Thursday, March 22, 2012

Machinery of Freedom: Tedious Work

The Socialist claims that Capitalism produces monotonous, mind destroying work. To this David Friedman replies as follows:
You object that capitalism works too well, that more efficient means of production drive out less efficient, leaving everyone with sterile and repetitive jobs in a soul-killing environment.

More efficient means of production do drive out less efficient means, but your definition of efficiency is too narrow. If under one arrangement a worker produces a dollar an hour more than under another, but the conditions are so much worse that he will gladly accept a wage of two dollars an hour less to work under the other, which is more efficient? For both the employer, who saves more on wages than he loses on production, and for the worker, the 'less productive' arrangement is the more efficient. The efficiency of capitalism takes account of nonmonetary as well as monetary costs and products.

Let's suppose that I build radios on an assembly line. Rather than having a single task on an assembly line, say driving 6 screws to secure a cover, I'd prefer to install the circuit boards, the display, the heat sink, the covers. Everything. Because it's less boring and improves my skills.

That will reduce output. But you can have that in Capitalism, says David Friedman, because if you are willing to accept lower wages profits can be sustained even with the reduced output.
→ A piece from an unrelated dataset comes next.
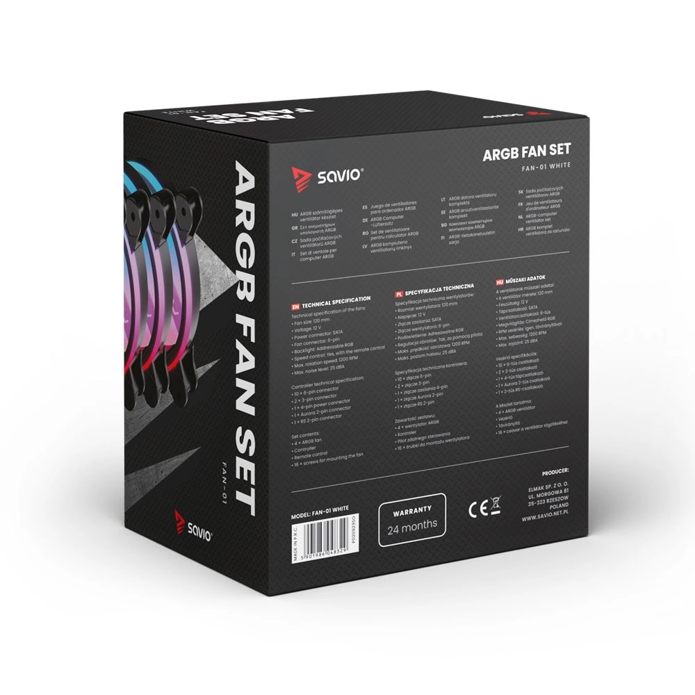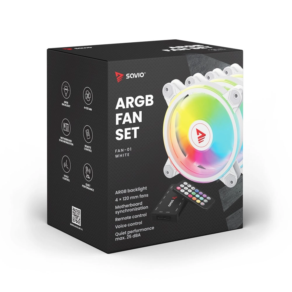Savio četru ventilatoru komplekts nodrošina jaudīgu dzesēšanu un iespaidīgu ARGB apgaismojumu jūsu datoram. Iepakojumā iekļauts kontrolieris un tālvadības pults, kas ļauj viegli pielāgot gaismas efektus un ventilatoru ātrumu.

But there's an important question Friedman hasn't asked. How much less in wages are required? Maybe I'd be willing to take a 20% reduction in wages for a 20% reduction in output. What if I had to take a 90% pay cut for a 20% reduction in output? What if the former is the case on Socialism and the later is the case on Capitalism? Then guess what? The Socialist criticism is spot on and Friedman has not rebutted it.

Take a look at Foxconn, which makes your ipad and iphone. Workers make about $17/day working 12 hour shifts. When wages are already a tiny portion of overall expenses it may not matter how much less you are willing to earn with wage labor. You could go from $17 to $0 and still see profits reduce.

Below I offer a hypothetical example under Capitalism. Investors want profits. They'll be happy to alter the work environment as long profits are sustained. So let's suppose we have 100 empolyees and they produce $500 in value each day. Let's assume their total compensation is $90/day. I have an assumed capital expense as well. Under those conditions you see $31K in profit per day. Click to enlarge.

To the right I have the same conditions except the work environment has been altered so the work is more interesting and total output decreases 20%. I assume a 10% reduction in capital expense because fewer material is used. Based on this I calculate the required wage rate in order to sustaine the $31K in profits. The wages must fall to zero. Also if the initial wage was lower than $90 paying $0 would not be low enough wages to sustain the $31K in profit. Capitalism does not permit a less monotonous reduced output work environment under these conditions.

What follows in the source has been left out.